Connection Density: 5G is expected to support 1 million connected devices per square kilometer. This would count a lot for future developments in IoT.
What is 5G capable of?
Improve broadband: one of the immediate uses of 5G is to morph our interaction with technology daily, but more importantly, it improves mobile broadband. Currently, 4G does not have enough capacity to satisfy the huge data requirements homes will now need. Users in cities experience slowdowns during the busy hours of the day. 5G will provide more spectrum in bands like never before used in commercial broadband traffic.
Internet of Things: 5G’s low-latency and consistent speed will have a massive effect on IoTs. Currently, some sensors communicate with each other, but they consume resources and deplete LTE data capacity very fast. For example, augmented and virtual reality on mobile phones will now become seamless and available to everyone. From the comfort of your home, you can walk from room-to-room while you inspect real estates.

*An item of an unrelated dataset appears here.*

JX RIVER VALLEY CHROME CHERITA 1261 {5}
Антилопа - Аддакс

Automated Driving: at the moment, driverless cars are expected to be stand-alone vehicles. However, with the rolling out of 5G, it is expected that future generations of automated vehicles will interact with other cars and smart roads. Imagine cars exchanging small packets of information instantly with each other. 5G’s 1-millisecond latency comes into play here, the packet of data can move directly between two cars or move from a car to a small cell on a lamppost and jumps to another car, all within 1-millisecond of processing time. All of these are done to improve safety on roads and manage traffic.
Health care: telemedicine, remote recovery, precision surgery, remote surgery, and physical therapy via AR are some of the few areas in health care that will be greatly influenced by 5G using its ultra-reliable low latency communications (URLLC) component to further reduce latency on 5G. Massive Machine-Type Communications, mMTC will as well help hospitals create massive sensor networks for patient monitoring and smart pills prescription.
Where can you get 5G now?
Your ability to use 5G right now depends on your neighborhood as not all neighborhoods have 5G access at this time. You should know that to build out 5G networks will take several years, however, all major U.S. carriers have 5G available in some areas.

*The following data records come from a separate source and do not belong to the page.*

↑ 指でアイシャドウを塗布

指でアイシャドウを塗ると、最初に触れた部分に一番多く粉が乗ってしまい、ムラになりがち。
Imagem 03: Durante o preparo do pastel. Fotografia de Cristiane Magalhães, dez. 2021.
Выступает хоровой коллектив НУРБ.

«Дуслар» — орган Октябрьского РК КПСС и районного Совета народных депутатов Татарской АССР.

AT&T: has a low-band 5G system in 16 cities available for everyone, and high-band 5G systems in 21 cities for business customers only.
Sprint: Sprint works with the mid-band network covering 16 million people in 9 metro areas. You should expect more coverage from Sprint based on its merger with T-mobile.
T-Mobile: T-Mobile currently has a nationwide 5G network using the low-band frequencies. According to T-Mobile, its 5G network is expected to serve over 1.9 million in-home wireless broadband customers by 2021.
Verizon: in the race to be the first carrier to provide 5G, Verizon offered pre-standard fixed 5G in October 2018 available in some parts of Houston, Indianapolis, Los Angeles, and Sacramento. However, the carrier has also begun to provide mobile 5G, and it is available in certain cities, including New York and Los Angeles.
What 5G Phones can you buy right now?
Smartphone manufacturers caught onto the 5G trend early enough to manufacture 5G-enabled smartphones for their customers. These are some smartphones that support 5G. Samsung Galaxy (Note 10 5G, S10 5G, Fold 5G, A90 5G, S20 5G, and S20 5G series), LG V50 ThinQ, Motorola (Moto Z4 with 5G Moto Mod, and Moto Z3 5G Modo Mod), OnePlus (7 Pro 5G and 7T Pro 5G McLaren), Huawei (Mate X and Mate 20 X 5G). Oppo Reno 5G, Xiaomi Mi Mix 3 5G, and ZTE (Axon 10 Pro 5G, and Nubia X 5G).
You should expect more updates on the 5G network and how it would improve technology immensely.